=== WHAT YOU WILL DO ===
Reproduce word for word the lines between the one containing "नारनौल। दीक्षांत समारोह" and the end of the entries below, both inclusive; leave out pictures.

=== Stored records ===

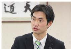
2015年12月8日総括的質疑

「みえ森と緑の県民税」は、「災害に強い森林づくり」と「県民全体で森林を支える社会づくり」を進めるため、平成26年4月1日に導入されました。平成28年度は「災害に強い森林づくり推進事業」で7億2千万円、市町交付金事業「みんなで支える森林づくりの推進」で4億6百万円の合計11.6億円の予算要求がありますが、市町交付金事業について林業振興のための間伐や獣害対策など市町の実態に応じた多様な事業展開が可能となるよう要望しました。
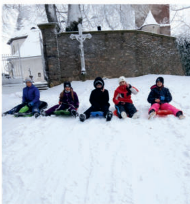
Zimní radovánky. Od pondělí 24. prosince ožil kopec pod kostelem, neboť bobovat a sáňkovat sem každý den chodila spousta dětí.
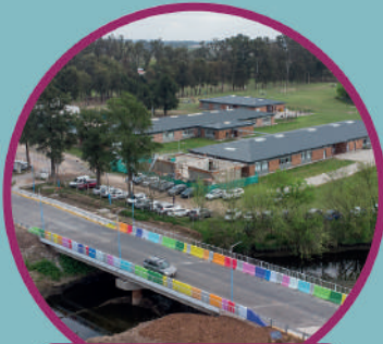
PUENTE VEHICULAR INDEPENDENCIA
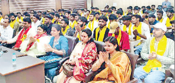
नारनौल। दीक्षांत समारोह में उपस्थित विद्यार्थी एवं स्टाफ।

आयोजन समिति के सभी सदस्यों के योगदान की सराहना करते हुए कार्यक्रम की सफलता के लिए आभार व्यक्त किया। इस अवसर पर कॉलेज के शिक्षक, कर्मचारी, एवम विद्यार्थी बड़ी संख्या में उपस्थित रहे, जिससे पूरा परिसर उत्सव एवं उल्लास के वातावरण में सराबोर नजर आया। प्रधानाचार्य ने बताया कि दीक्षांत समारोह न केवल विद्यार्थियों के लिए अविस्मरणीय क्षण बनकर उभरा, बल्कि संस्था की प्रतिष्ठा को भी नई ऊंचाइयों तक ले जाने वाला आयोजन साबित हुआ।
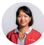
Bamboo Saluz Praktikantin
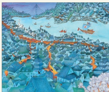
「おのみち今昔物語」 加藤 美代子 (広島県) アクリル画
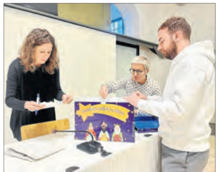
El sorteig es va celebrar ahir a la sala Alfred Perenya de Lleida.
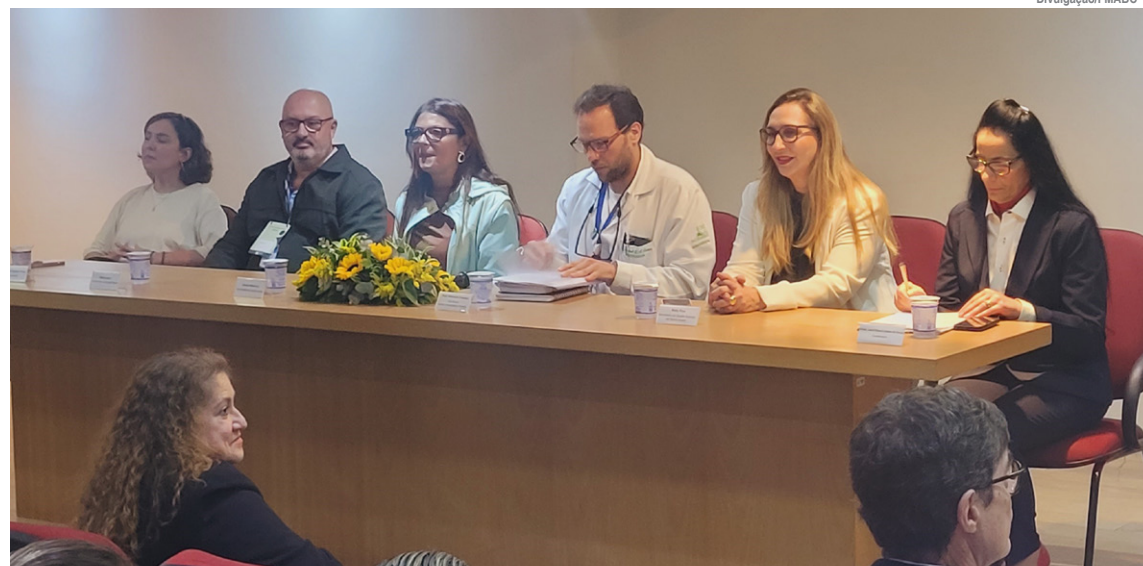
Evento reuniu profissionais da saúde do município e especialistas em TEA

O encontro contou com palestras que ressaltaram a importância de reconhecer que todas as pessoas têm necessidades específicas, independentemente de apresentarem ou não o transtorno, e demonstraram que indivíduos diagnosticados com TEA têm plena capacidade de serem cidadãos atuantes, desde que recebam acompanhamento adequado e tenham
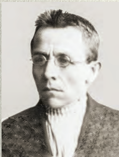
Муса эфенде инкыйлаблар дөвөрендэ

=== OUTPUT OF THE EXERCISE ===
नारनौल। दीक्षांत समारोह में उपस्थित विद्यार्थी एवं स्टाफ।

आयोजन समिति के सभी सदस्यों के योगदान की सराहना करते हुए कार्यक्रम की सफलता के लिए आभार व्यक्त किया। इस अवसर पर कॉलेज के शिक्षक, कर्मचारी, एवम विद्यार्थी बड़ी संख्या में उपस्थित रहे, जिससे पूरा परिसर उत्सव एवं उल्लास के वातावरण में सराबोर नजर आया। प्रधानाचार्य ने बताया कि दीक्षांत समारोह न केवल विद्यार्थियों के लिए अविस्मरणीय क्षण बनकर उभरा, बल्कि संस्था की प्रतिष्ठा को भी नई ऊंचाइयों तक ले जाने वाला आयोजन साबित हुआ।
Bamboo Saluz Praktikantin
「おのみち今昔物語」 加藤 美代子 (広島県) アクリル画
El sorteig es va celebrar ahir a la sala Alfred Perenya de Lleida.
Evento reuniu profissionais da saúde do município e especialistas em TEA

O encontro contou com palestras que ressaltaram a importância de reconhecer que todas as pessoas têm necessidades específicas, independentemente de apresentarem ou não o transtorno, e demonstraram que indivíduos diagnosticados com TEA têm plena capacidade de serem cidadãos atuantes, desde que recebam acompanhamento adequado e tenham
Муса эфенде инкыйлаблар дөвөрендэ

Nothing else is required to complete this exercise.